In the app I already had code in place to handle failed startups to help me with troubleshooting. At many points it appends an entry to a log file showing the last step completed. Some seconds after the app is up and running, it deletes that log. So on a startup, if the file exists, it shows that the previous run didn't start successfully, and adds that log to a database on my server, showing how far it got. I've used that to solve some other issues in the past. Whatever steps the code takes between the last successful log entry and the next one it should have taken next should include the code where the crash happened. Normally that's very helpful when I can't get a stack trace.

In the betas, I've also peppered the startup code with many more logged steps like that, to pinpoint exactly what the app is trying to do when it crashes, with each beta adding more to narrow it down until I'm logging steps for individual lines of code at the area where it's been crashing. That should pinpoint the exact point of the crash, but the crashes are not consistent from one run to the next. On one run it might crash seeding the random number generator. On another it might be when it tries to open a local file. In one case it failed after one log entry and another when no other code was attempted between them. I've built a version that sends a status update to a server at each logged step, rather than only when the previous run failed to start, and the data shows the same - failing very early in the startup, but not consistently at any particular step.

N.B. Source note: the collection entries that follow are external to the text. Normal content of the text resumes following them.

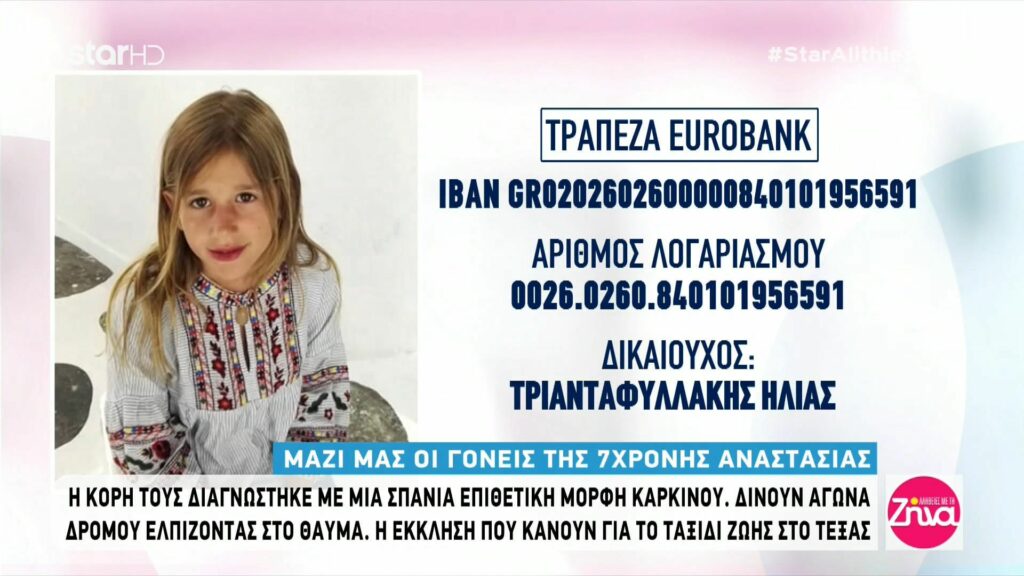 Η μονάκριβη  7χρονη κορούλα τους διαγνώσθηκε σε μια σπάνια επιθετική μορφή καρκίνου και πλέον δίνουν αγώνα δρόμου, ενάντια σε όλες τις ιατρικές εκτιμήσεις και τον χρόνο, ελπίζοντας σε ένα θαύμα.
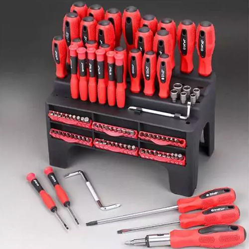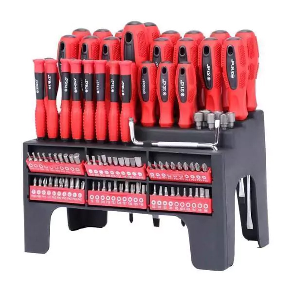 Σετ 100 Μαγνητικών Κατσαβιδιών από Ανοξείδωτο Χάλυβα με Ραφιέρα - Βάση
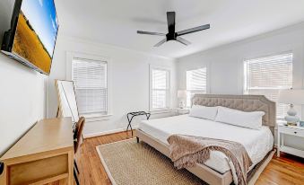 The bedrooms are equipped with king-sized beds, TVs, and connected to a 3-piece bathroom with newly remodeled vanities and subway tiles.
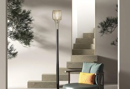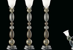 Металлические части изготовлены из полированного хрома. Оснащен абажуром.
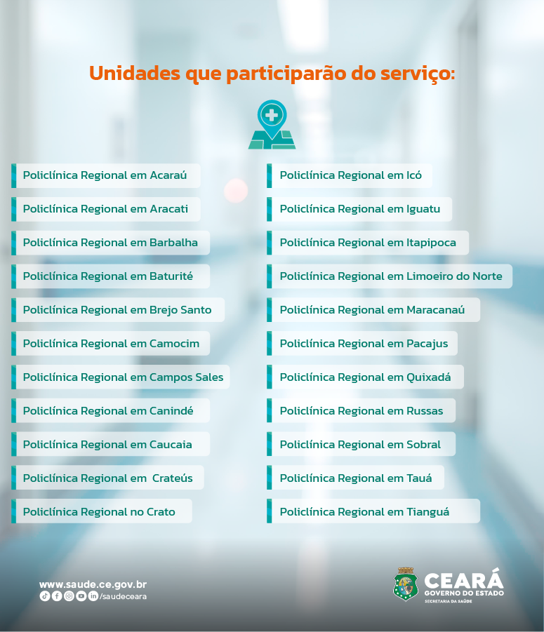 Como forma de otimizar o contato com os pacientes, a Secretaria da Saúde do Ceará (Sesa) amplia o envio de mensagens via WhatsApp também para os pacientes com atendimentos agendados nas policlínicas regionais. O objetivo é confirmar o agendamento de consultas e exames nos equipamentos da Rede. O contato com os pacientes é feito exclusivamente pelo número (85) 98682-9000.
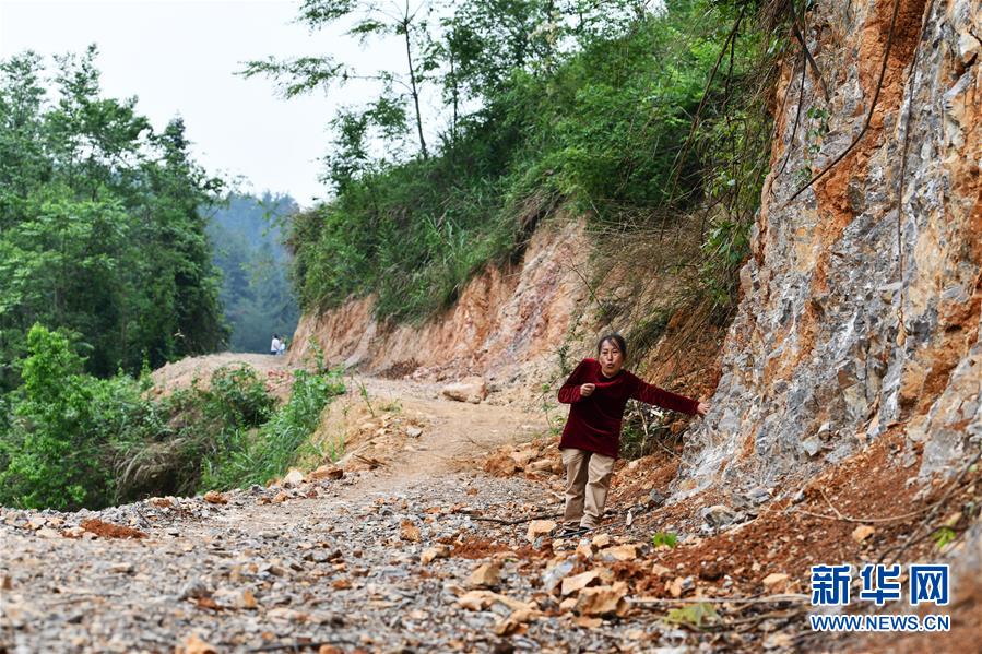 5月14日,齐敏在介绍村里后坝至烂坝修建产业路时遇到的地质难题。新华社记者 杨文斌 摄
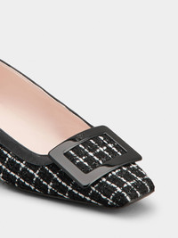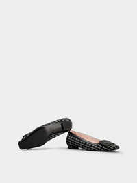 Launched in 1965, the Belle Vivier is one of the Maison's most famous designs. Becoming an icon thanks to its buckle and Skyscraper heel, its reinterpretations make it a new classic. Crafted in tweed and patent leather at our ateliers, these refined ballerinas combine comfort and elegance. The perfect ally of your days. Description & details Fabric Patent leather inserts Lacquered buckle Leather insole Leather outsole Covered Skyscraper heel Heel height 1 in Made in Italy Mod: RVW00736120TPUB999

That suggests the problem is happening on some other thread than the Lua code, or triggered by some other software that's running. The user has checked for updated drivers, etc. I still can't reproduce the problem - both the general release and all the betas run fine on two Windows 10 computers. The user's computer's specs exceed that of the ones I'm using - ample RAM and drive space, etc. He runs many other games on it, and the only one that crashes is mine.

Unfortunately this is the short version of the story - I've been through many one-off builds trying to solve this over the past few weeks. I originally built with Visual Studio 2015, reinstalled that and the SDKs from scratch, originally built with WinRT export and and older Gideros, now updated to UWP with the latest Gideros and Visual Studio 2017, and for complicated reasons, switched to building on a different PC. Again, everything works as it should for me, logging all the startup steps of every run to my database, whether I'm running a clean install of the game or one I've run several times.

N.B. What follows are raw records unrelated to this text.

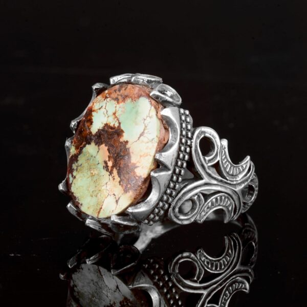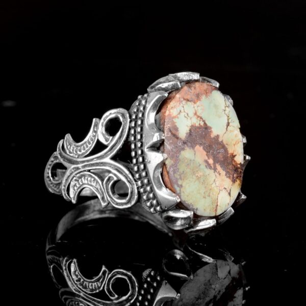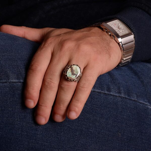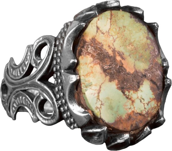 Bu zarif yüzük, yüksek kaliteli 925K gümüşten yapılmış olup gerçek bir Arizona turkuaz taşını sergilemektedir. Taş, canlı renkleri ve karmaşık matris yapısıyla değerli bir parça haline gelmekte, her bir yüzüğü benzersiz bir sanat eseri yapmaktadır. El yapımı tasarımı, Turkuaz’ın doğal güzelliğini daha da vurgulayarak, hiçbir yüzüğün birbirine benzememesini sağlamaktadır.
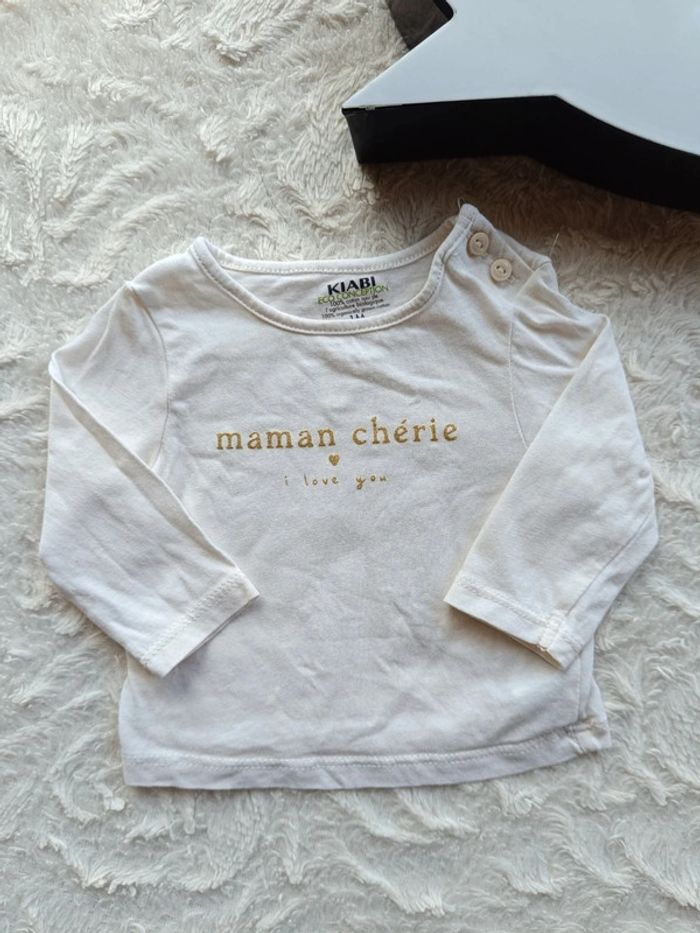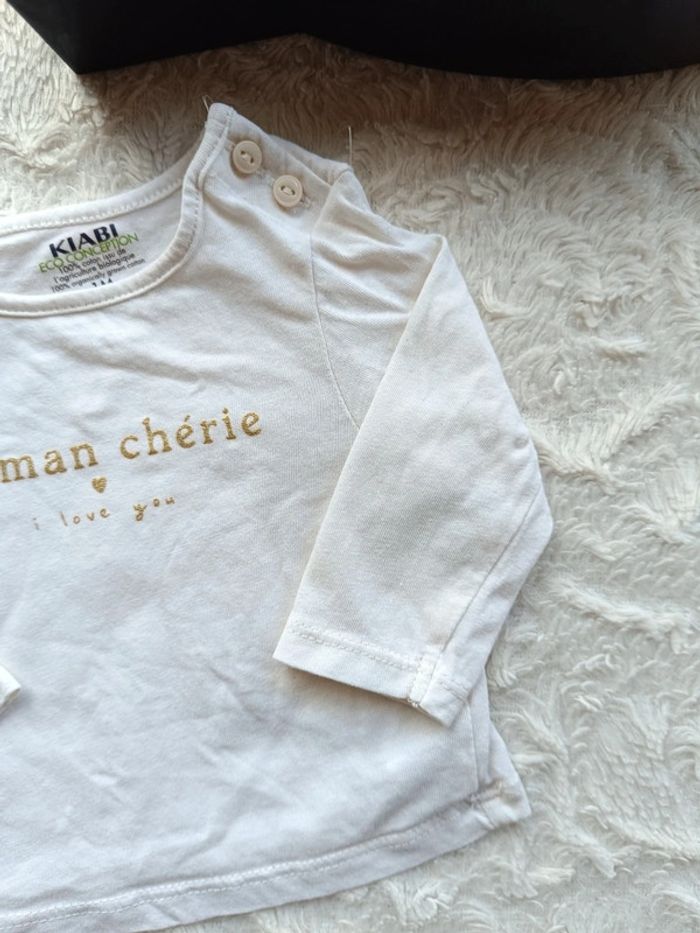 Lot de 2 tee shirt manches longues Fille 1 mois Maman Papa dad Kiabi Eco conception 100% coton bio - photo numéro 14
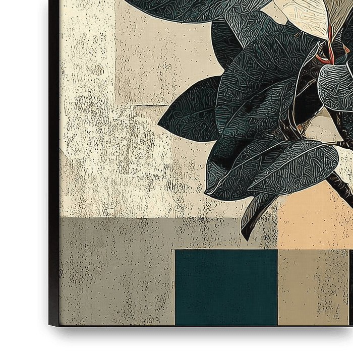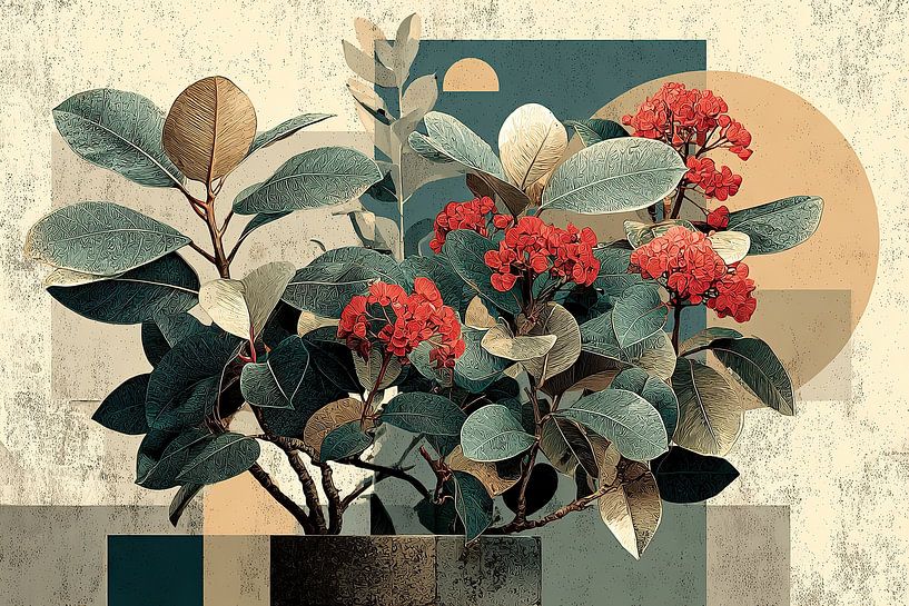 Bold Floral Expression - This botanical painting depicts a potted plant with glossy green leaves and vibrant red flowers, set against a background of abstract shapes in neutral tones, giving a fresh and modern look to any space.

Is there any .ini file or registry entry left behind after an uninstall of a Windows Store application made from Gideros, something that could be corrupted and still around to cause trouble after uninstalling or reinstalling the app? I'm grasping at straws here. I know that in general, if a game used to work on Windows 10 and suddenly stops, it's a good bet some Windows update changed the environment and some hardware may not place nice until drivers get updated. But if his drivers are up to date, and other games and applications that use the graphics card, etc, work fine, and the application runs fine on other computers with fully updated Windows 10, where does one go from here?

I'd love to hear any and all ideas...

Thanks,

Paul


Likes: antix

+1 -1 (+1 / -0 )Share on Facebook

Comments

  • antixantix Member
    edited February 2020
    If the user knows the date the application stopped working they should check for windows updates around that time, especially device drivers.

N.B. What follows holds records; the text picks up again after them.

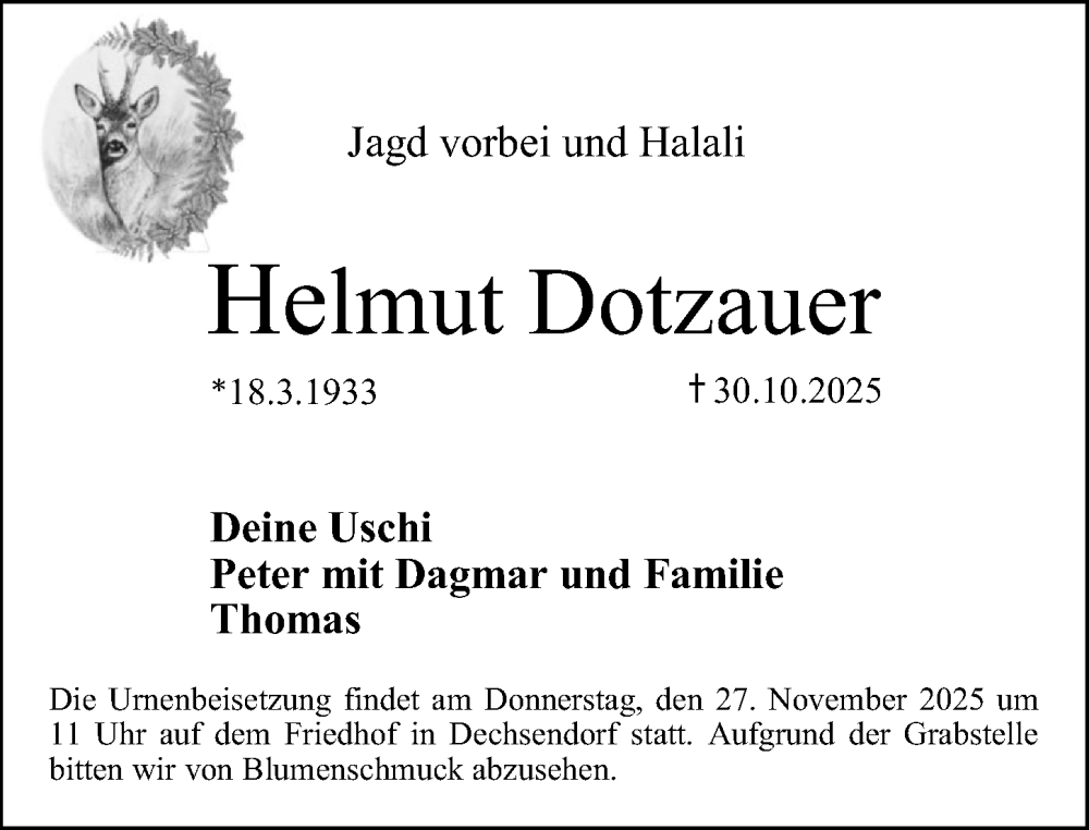 Hier finden Sie alle Traueranzeigen aus der Zeitung, die bisher für Helmut Dotzauer erschienen sind. Weitere Traueranzeigen, die in der Zeitung erscheinen, werden hier ebenfalls aufgelistet
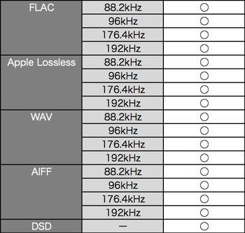 なお、DSDも含めて現在考えられる主なハイレゾ音源の形式と仕様への対応を念のため実際に確認してみたが、下の表のように、どれも問題なく再生できた。
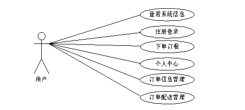 用户进入本系统可查看系统信息,包括首页、菜品信息等,用户要想实现下单订餐操作,必须登录系统,未有账号的用户可进行注册,注册登录后主要功能模块包括个人中心、订单信息管理以及订单配送管理,用户用例图如图3-1所示。

    Maybe they could run system restore to around that date and test again.

    You could just publish a test case where you use an empty project and see if that does not work on his machine also.
  • Thanks for the ideas. I've considered both - asking him to do a system restore to back out of some updates, which might fix it for now, but if the issue is some incompatibility between some of the users hardware and the latest Windows update, the problem would likely return as soon as he updates again.

    I've also considered publishing a trivial Gideros app as a beta, without network access, plugins, or anything complicated, just to see if whatever the issue is applies to everything built this way. If it runs, I could try adding a module or plugin at a time and see if one particular one seems to be causing the crash. I don't know if or how that might lead to a fix, but it could conceivably shed more light on the cause.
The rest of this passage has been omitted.